*AVAILABLE DATA*:
*** Block opens ***
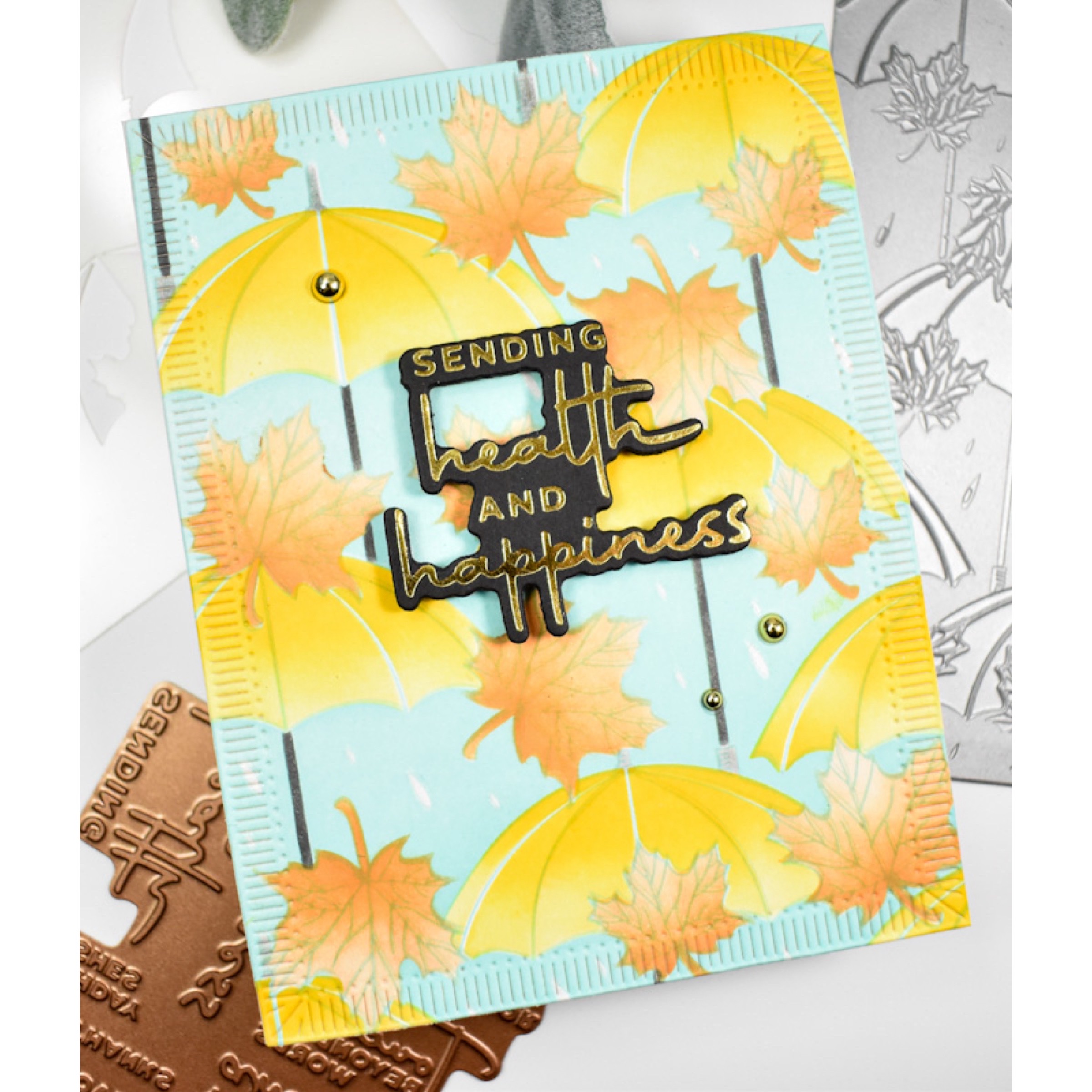 I began this project by inking up the Autumn Rain plate with Seafoam ink and then using the stencil to add color to the leaves and umbrellas using Sunbeam, Citrine, Melon and Cantaloupe ink. Once the ink blending was complete, I trimmed the panel using Fluted Classic Rectangles. I should mention that the color added to the handles of the umbrellas was leftover ink on a grey blending brush.
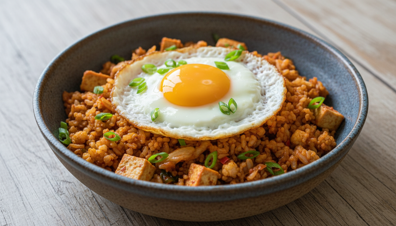 - 조리법: 코코넛 오일에 돼지고기를 볶다가 김치를 넣고 볶습니다. 콜리플라워 라이스를 넣고 함께 볶은 후, 반숙 계란 프라이를 올려 참기름과 김가루를 뿌리면 완성!
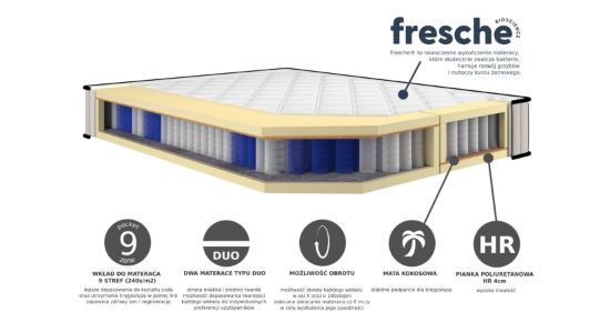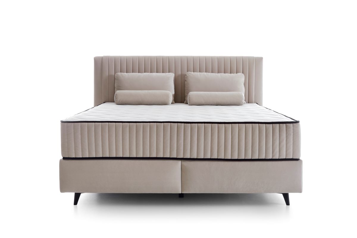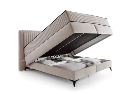 Pokrowiec na materace w dolnej warstwie posiada wszyty antyslip, co zapobiega przesuwaniu materaca podczas użytkowania. W górnej warstwie zastosowano tkaninę antybakteryjną, która zapobiega rozwojowi bakterii, grzybów i roztoczy oraz zapewnia ochronę, komfort i świeżość podczas snu. Łóżko otwierane od czoła (front open) posiada 2 pojemniki na pościel. Model jest wyposażony w siłownik gazowy ułatwiający podnoszenie siedziska. Powierzchnia spania o wymiarach 160/200 cm.
*** Block closes ***
*WHAT TO WORK ON*:
Every line above should be reproduced exactly, please, with no pictures included.

*PROBLEM SOLUTION*:
 I began this project by inking up the Autumn Rain plate with Seafoam ink and then using the stencil to add color to the leaves and umbrellas using Sunbeam, Citrine, Melon and Cantaloupe ink. Once the ink blending was complete, I trimmed the panel using Fluted Classic Rectangles. I should mention that the color added to the handles of the umbrellas was leftover ink on a grey blending brush.
 - 조리법: 코코넛 오일에 돼지고기를 볶다가 김치를 넣고 볶습니다. 콜리플라워 라이스를 넣고 함께 볶은 후, 반숙 계란 프라이를 올려 참기름과 김가루를 뿌리면 완성!
 Pokrowiec na materace w dolnej warstwie posiada wszyty antyslip, co zapobiega przesuwaniu materaca podczas użytkowania. W górnej warstwie zastosowano tkaninę antybakteryjną, która zapobiega rozwojowi bakterii, grzybów i roztoczy oraz zapewnia ochronę, komfort i świeżość podczas snu. Łóżko otwierane od czoła (front open) posiada 2 pojemniki na pościel. Model jest wyposażony w siłownik gazowy ułatwiający podnoszenie siedziska. Powierzchnia spania o wymiarach 160/200 cm.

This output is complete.